Hmmm. It does not sound like intended behavior. My best guess is that threading is making it difficult to calculate the expected finish time. It might be worth opening an issue at Turing and including a minimum working example.
I think that if you sample multiple chains using MCMCThreads
then the progress bar shows how many chains already finished. Therefore if you sample 4 chains you will only get values of 25, 50, and 75 percent. The relevant code in Turing is here. So I think this is the intended behaviour. You might want to open an issue/discussion in Turing about whether it would be possible to change this behaviour.
That makes sense. An alternative approach might show a progress bar for each chain. It would provide more detail about the progress of the sampler. I don’t know if that is feasible with threads though.
We’ve had lots of discussion about how to modify this behavior, and I think the consensus is that it is difficult to do well, so we’ve opted towards simpler and perhaps misleading solutions. I would like to see separate bars for each chain but right now it’s not a high priority.

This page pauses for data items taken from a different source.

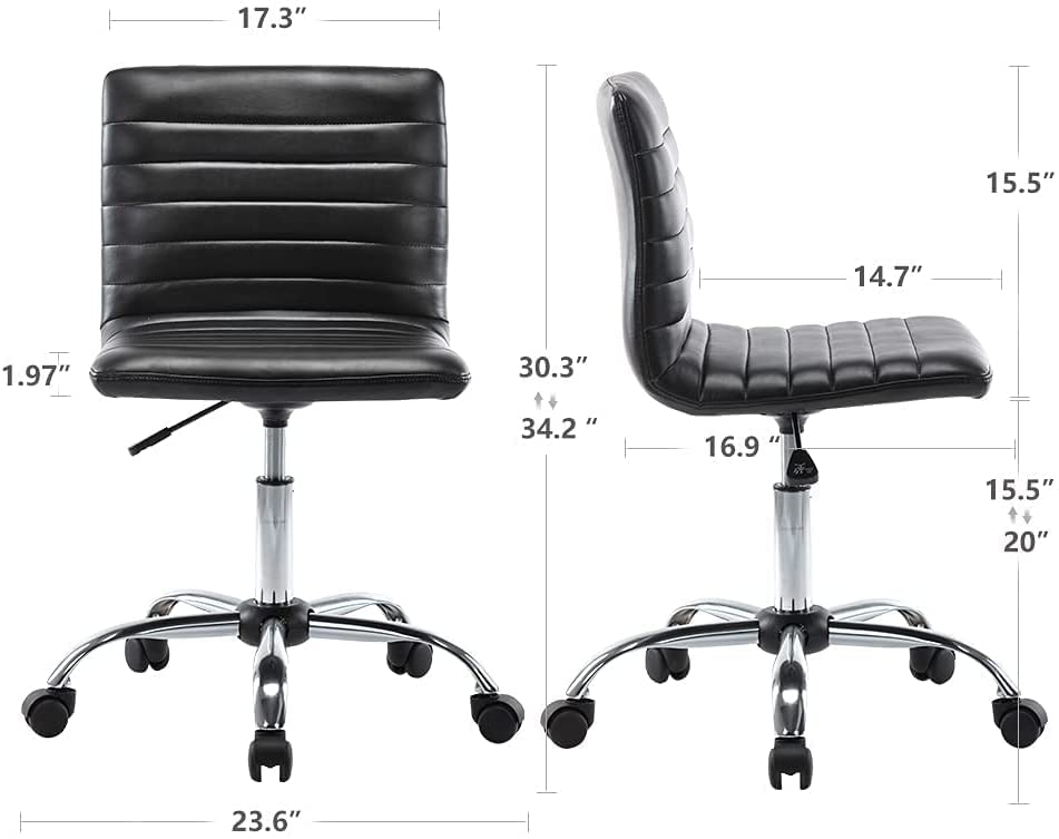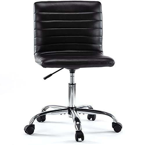 MCQ - كرسي مكتب بلا ذراع من ام سي كيو، كرسي مكتب منزلي عصري من الجلد الصناعي مع عجلات، ارتفاع قابل للتعديل، دوران 360 درجة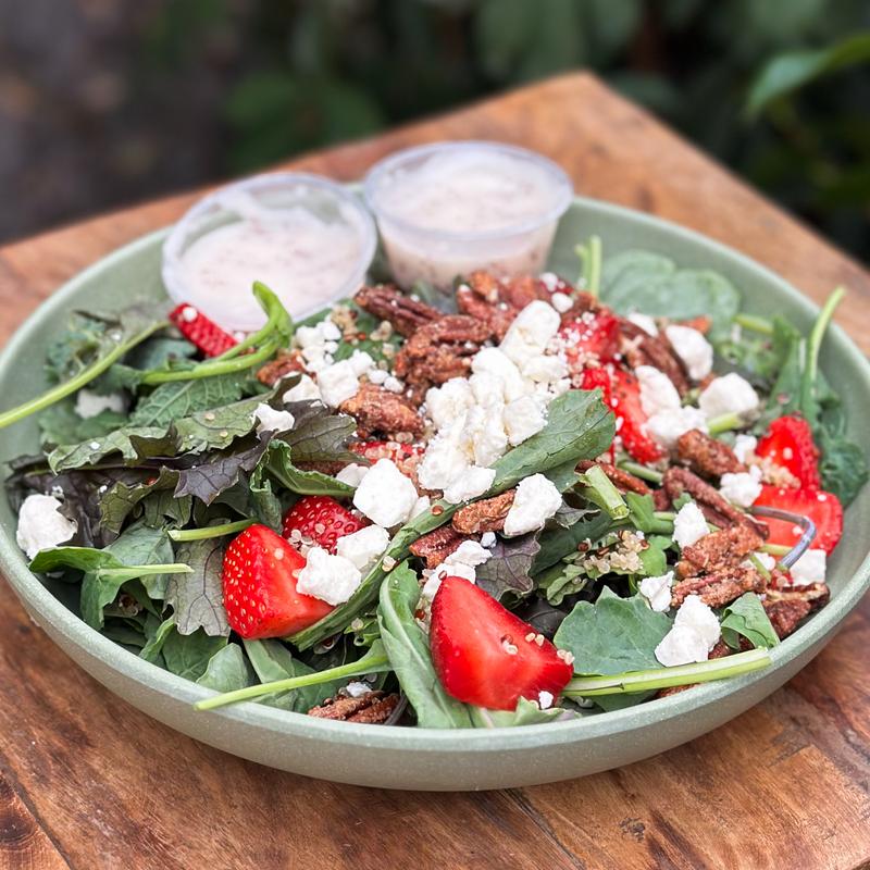 Kale & mixed greens with sliced strawberries, candied pecans, quinoa & crumbled feta served with house poppy seed dressing *Gluten Free, Vegetarian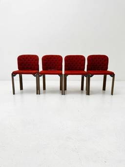 Set of 4 Red Upholstered Mid-Century Chairs by Dietiker Stein Am Rhein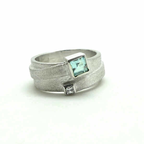 Pierścionek srebrny z topazem białym i niebieskim.Piaskowany szeroki na 1 cm pierścień ma oprawione dwa kwadratowe topazy: 2 mm bezbarwny i 4 mm niebieski. Delikatne odcienie błękitu i bieli tworzą lekką kompozycję.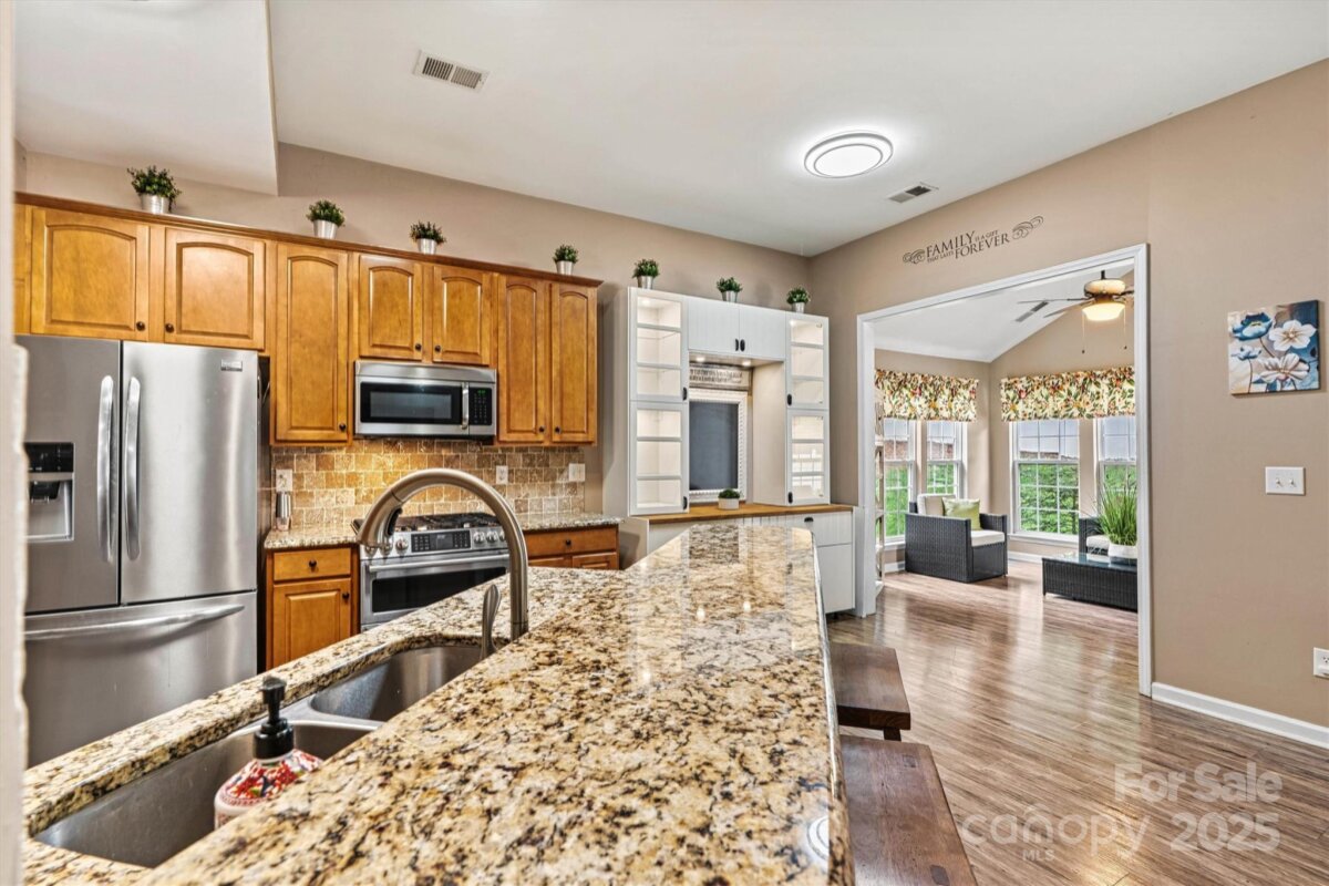 PRICE IMPROVEMENT!!!! Tucked away in a cul-de-sac in the desirable Smithstone community, this beautiful ranch-style home with a Finished Room Over Garage (FROG) offers the perfect blend of comfort, style, and functionality. With 3 bedrooms and 2.5 baths, the layout features a spacious primary suite on the main level, and a versatile bonus room ideal for guests or hobbies on the upper floor. The kitchen features a gas range, stainless steel appliances, and granite countertops, flowing into the great room and sunroom—creating an open, inviting space that's perfect for entertaining. Enjoy seamless indoor-outdoor living with a welcoming front patio, a fenced in backyard for privacy and play, and a covered back deck perfect for relaxing or entertaining year-round. Smithstone’s amenities include a pool overlooking Lake Norman, a clubhouse, and RV/boat storage. Conveniently located near two public boat launches, Beatties Ford Park with new beach access, and a variety of shops and restaurants—this home is perfect.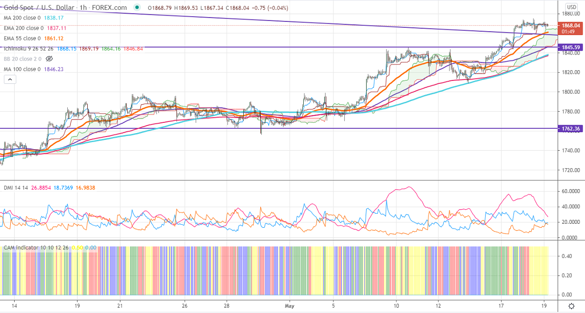 It is facing strong support at $1860, violation below targets $1850/$1845/$1838. Significant trend continuation only below $1675. On the higher side, near-term resistance is around $1875, any convincing break above confirms bullish continuation. A jump to $1900/$1932 is possible.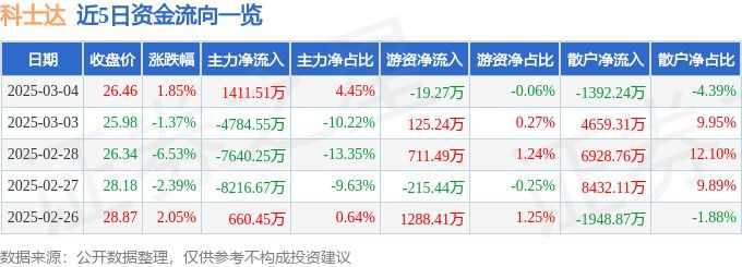股票行情快报:科士达(002518)3月4日主力资金净买入1411.51万元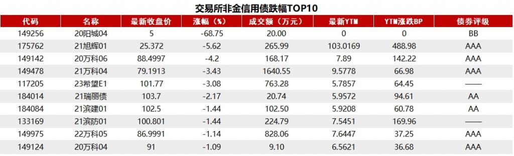 据 Choice 数据统计显示,今日交易所市场非金信用债跌幅排行前五的分别是:20 阳城 04、21 旭辉 01、20 万科 06、21 万科 04、23 希望 E1。具体如下:
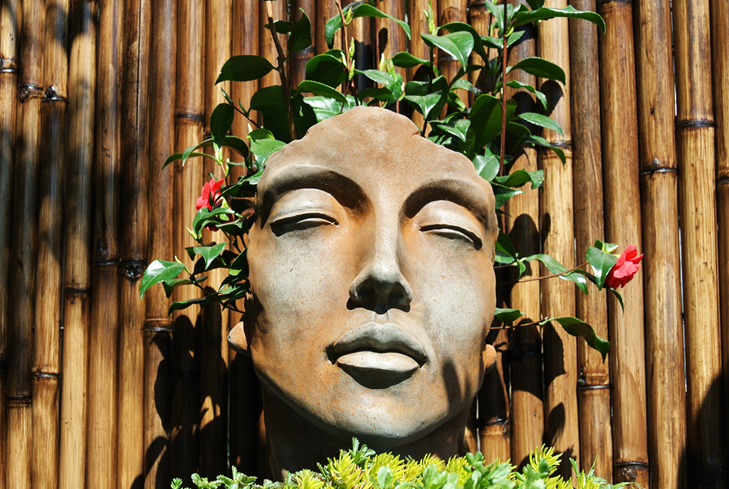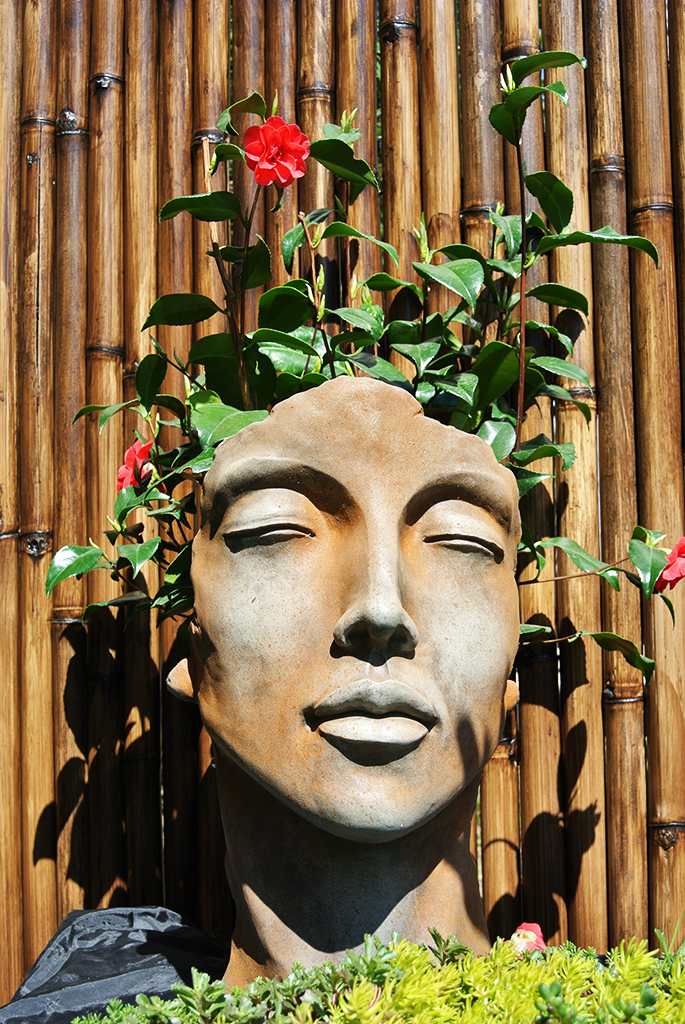 Eine von vielen Moeglichkeiten ist, z.B. einen Busch (gar ein Afro!) als Frisur zu pflanzen um das Gesicht interaktiv mit dem Garten zu verbinden.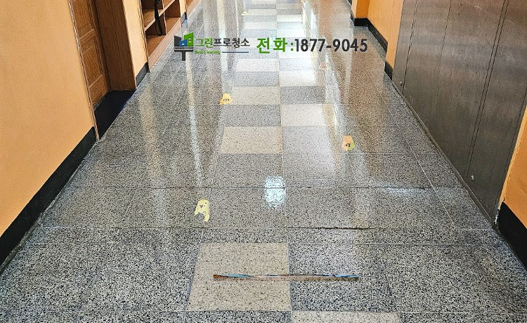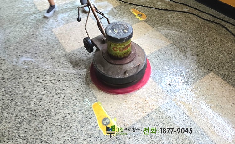 테라조 타일은 내구성이 뛰어나고 미적인 아름다움을 갖춘 바닥재로, 상업용 건물, 공공 장소, 고급 주택 등에서 널리 사용됩니다. 그러나 시간이 지나면 발자국, 오염물, 마모 등으로 인해 타일의 광택이 떨어지고 표면이 거칠어질 수 있습니다. 이를 방지하고 타일의 아름다움과 내구성을 유지하기 위해서는 정기적인 왁싱 작업이 필요합니다. 왁싱은 테라조 타일의 표면을 보호하고, 광택을 회복시켜 오랜 기간 깨끗한 상태를 유지하는 데 도움이 됩니다. 아래는 테라조 타일의 왁싱 과정에 대한 설명입니다.

I think the challenge is printing the updates to the same line. In this example, each update is given a new line:
using ProgressMeter
import Base.Threads.@threads
function fun()
@showprogress for i in 1:100
sleep(.01)
end
end
@threads for i in 1:4
fun()
end
I believe that this used to be the behavior in Turing at one point.
@drbenvincent In MeasureTheory.jl we have different ways to parameterize things, so logistic or probit regression should become easier to write, and hopefully faster too. So in Soss (or other things that use MeasureTheory) you’ll be able to write your likelihood as
sᵇ ~ For(ϕᵇ) do z Binomial(n = nᵇ, probit_p = z) end
sⁿ ~ For(ϕⁿ) do z Binomial(n = nⁿ, probit_p = z) end
The posterior sampling isn’t working for me right now with Zygote, but I think maybe that’s more of an AD issue than a modeling issue.
Nice. Soss is definitely on my list of things to look at. Just a matter of time!